LISTED RECORDS:
******

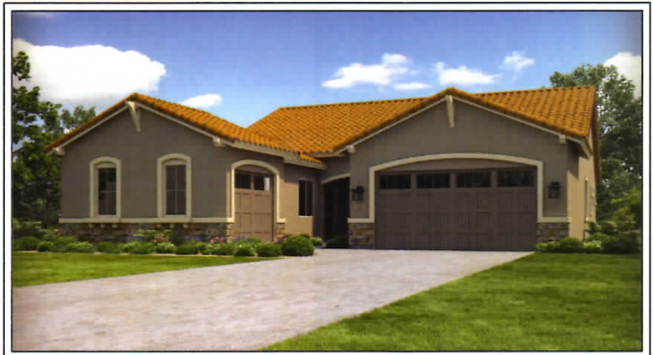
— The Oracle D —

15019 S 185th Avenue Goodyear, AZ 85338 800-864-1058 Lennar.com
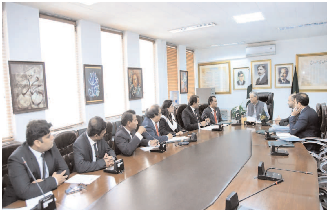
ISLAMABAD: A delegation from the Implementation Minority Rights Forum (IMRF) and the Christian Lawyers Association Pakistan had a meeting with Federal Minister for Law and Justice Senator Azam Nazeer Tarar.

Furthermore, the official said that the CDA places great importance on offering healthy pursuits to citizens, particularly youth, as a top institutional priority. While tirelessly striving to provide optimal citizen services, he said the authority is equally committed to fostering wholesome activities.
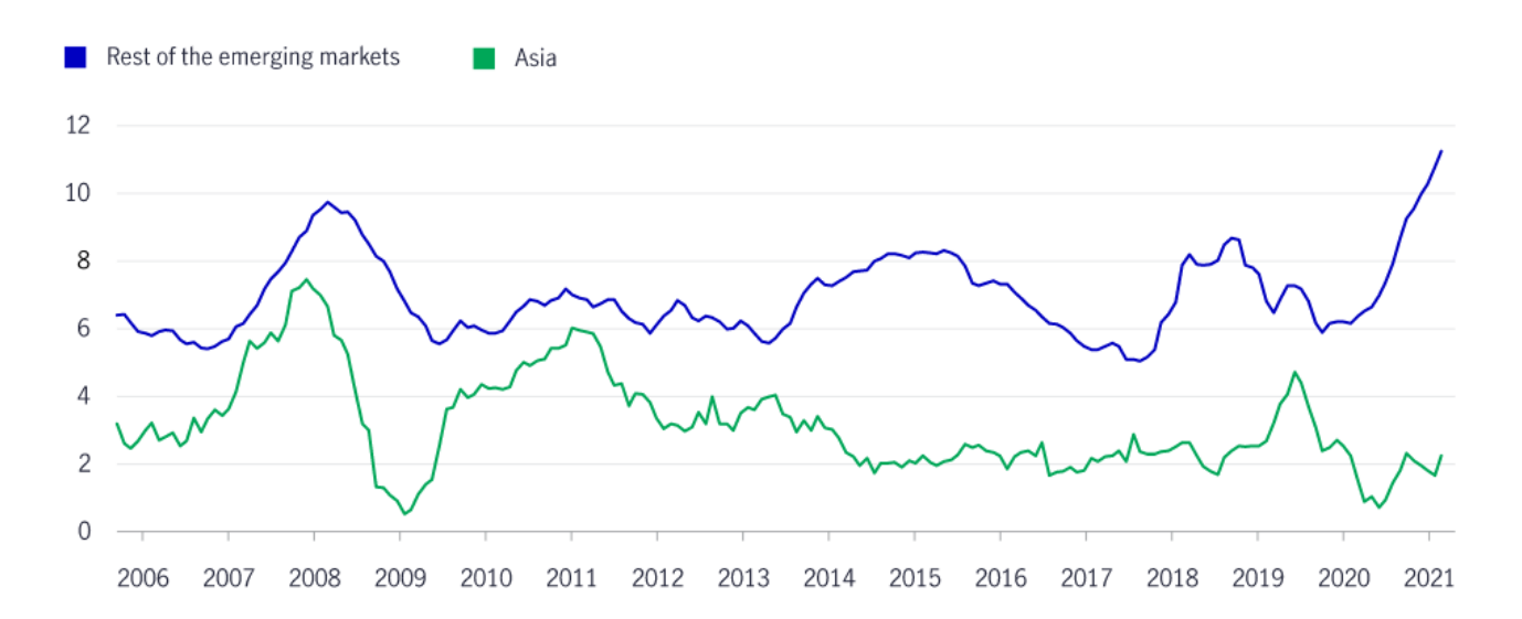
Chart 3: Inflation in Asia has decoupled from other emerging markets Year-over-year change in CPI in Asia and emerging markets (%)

******

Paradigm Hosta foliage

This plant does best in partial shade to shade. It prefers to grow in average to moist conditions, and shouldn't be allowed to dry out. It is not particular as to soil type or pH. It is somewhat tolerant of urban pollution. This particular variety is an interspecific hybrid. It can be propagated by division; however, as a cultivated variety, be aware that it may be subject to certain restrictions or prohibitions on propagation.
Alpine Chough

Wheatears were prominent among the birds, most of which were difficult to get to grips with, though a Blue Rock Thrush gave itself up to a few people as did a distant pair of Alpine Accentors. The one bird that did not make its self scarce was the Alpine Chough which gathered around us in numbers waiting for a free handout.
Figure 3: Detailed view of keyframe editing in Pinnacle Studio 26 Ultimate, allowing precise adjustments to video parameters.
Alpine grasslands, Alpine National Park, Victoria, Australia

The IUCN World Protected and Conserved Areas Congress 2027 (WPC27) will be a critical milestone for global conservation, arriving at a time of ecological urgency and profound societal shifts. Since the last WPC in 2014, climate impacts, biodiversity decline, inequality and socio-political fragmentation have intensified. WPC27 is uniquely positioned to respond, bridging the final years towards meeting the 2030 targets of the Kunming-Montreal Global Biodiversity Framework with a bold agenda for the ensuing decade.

******

TASK GOAL: The lines above from the line with "The Oracle D —" through the line with "ISLAMABAD: A delegation" are to be given again word for word, with no pictures among them.

TASK OUTPUT:
— The Oracle D —

15019 S 185th Avenue Goodyear, AZ 85338 800-864-1058 Lennar.com
ISLAMABAD: A delegation from the Implementation Minority Rights Forum (IMRF) and the Christian Lawyers Association Pakistan had a meeting with Federal Minister for Law and Justice Senator Azam Nazeer Tarar.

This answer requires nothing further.